• Goal of the exercise
Print nothing but the lines below starting at the line that holds "ベージュというより、くすんだ" and ending at the line that holds "triangular section. |", including both, each exactly as written.

• Supplied information
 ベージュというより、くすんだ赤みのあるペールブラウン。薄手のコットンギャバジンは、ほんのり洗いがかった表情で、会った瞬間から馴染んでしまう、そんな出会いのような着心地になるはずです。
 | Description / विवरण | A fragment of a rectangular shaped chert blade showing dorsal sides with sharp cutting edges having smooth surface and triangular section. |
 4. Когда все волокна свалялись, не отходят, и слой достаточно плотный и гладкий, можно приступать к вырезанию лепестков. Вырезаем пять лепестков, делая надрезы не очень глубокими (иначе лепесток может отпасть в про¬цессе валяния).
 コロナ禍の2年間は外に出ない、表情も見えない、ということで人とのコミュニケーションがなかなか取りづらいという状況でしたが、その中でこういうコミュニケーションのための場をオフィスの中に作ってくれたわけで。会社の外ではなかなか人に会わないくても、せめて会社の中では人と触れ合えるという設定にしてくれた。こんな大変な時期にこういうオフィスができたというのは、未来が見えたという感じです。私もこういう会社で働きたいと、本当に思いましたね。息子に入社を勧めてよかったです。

...

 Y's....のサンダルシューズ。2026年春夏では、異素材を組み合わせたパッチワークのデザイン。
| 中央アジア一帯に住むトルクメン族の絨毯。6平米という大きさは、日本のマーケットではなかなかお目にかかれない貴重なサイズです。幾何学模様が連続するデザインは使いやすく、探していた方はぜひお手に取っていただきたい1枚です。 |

---

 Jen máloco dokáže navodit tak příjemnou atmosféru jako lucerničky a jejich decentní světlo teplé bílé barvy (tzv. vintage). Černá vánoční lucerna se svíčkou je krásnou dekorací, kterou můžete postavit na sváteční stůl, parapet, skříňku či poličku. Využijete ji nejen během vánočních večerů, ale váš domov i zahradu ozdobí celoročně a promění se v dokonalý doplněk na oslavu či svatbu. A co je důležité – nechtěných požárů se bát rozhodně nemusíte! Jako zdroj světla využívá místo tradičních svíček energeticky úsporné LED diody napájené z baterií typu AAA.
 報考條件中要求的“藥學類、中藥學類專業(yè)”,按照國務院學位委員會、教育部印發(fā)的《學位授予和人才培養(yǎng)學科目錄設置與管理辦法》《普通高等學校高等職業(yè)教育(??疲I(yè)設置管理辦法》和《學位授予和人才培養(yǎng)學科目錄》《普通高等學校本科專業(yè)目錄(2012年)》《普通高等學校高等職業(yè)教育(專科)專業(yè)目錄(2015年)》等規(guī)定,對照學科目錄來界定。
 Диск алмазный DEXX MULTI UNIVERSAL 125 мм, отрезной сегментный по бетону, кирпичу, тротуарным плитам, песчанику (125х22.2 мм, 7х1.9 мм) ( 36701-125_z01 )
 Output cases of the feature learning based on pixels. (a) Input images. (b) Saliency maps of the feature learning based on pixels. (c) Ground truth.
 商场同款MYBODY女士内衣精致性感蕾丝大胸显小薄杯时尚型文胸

• Result
 ベージュというより、くすんだ赤みのあるペールブラウン。薄手のコットンギャバジンは、ほんのり洗いがかった表情で、会った瞬間から馴染んでしまう、そんな出会いのような着心地になるはずです。
 | Description / विवरण | A fragment of a rectangular shaped chert blade showing dorsal sides with sharp cutting edges having smooth surface and triangular section. |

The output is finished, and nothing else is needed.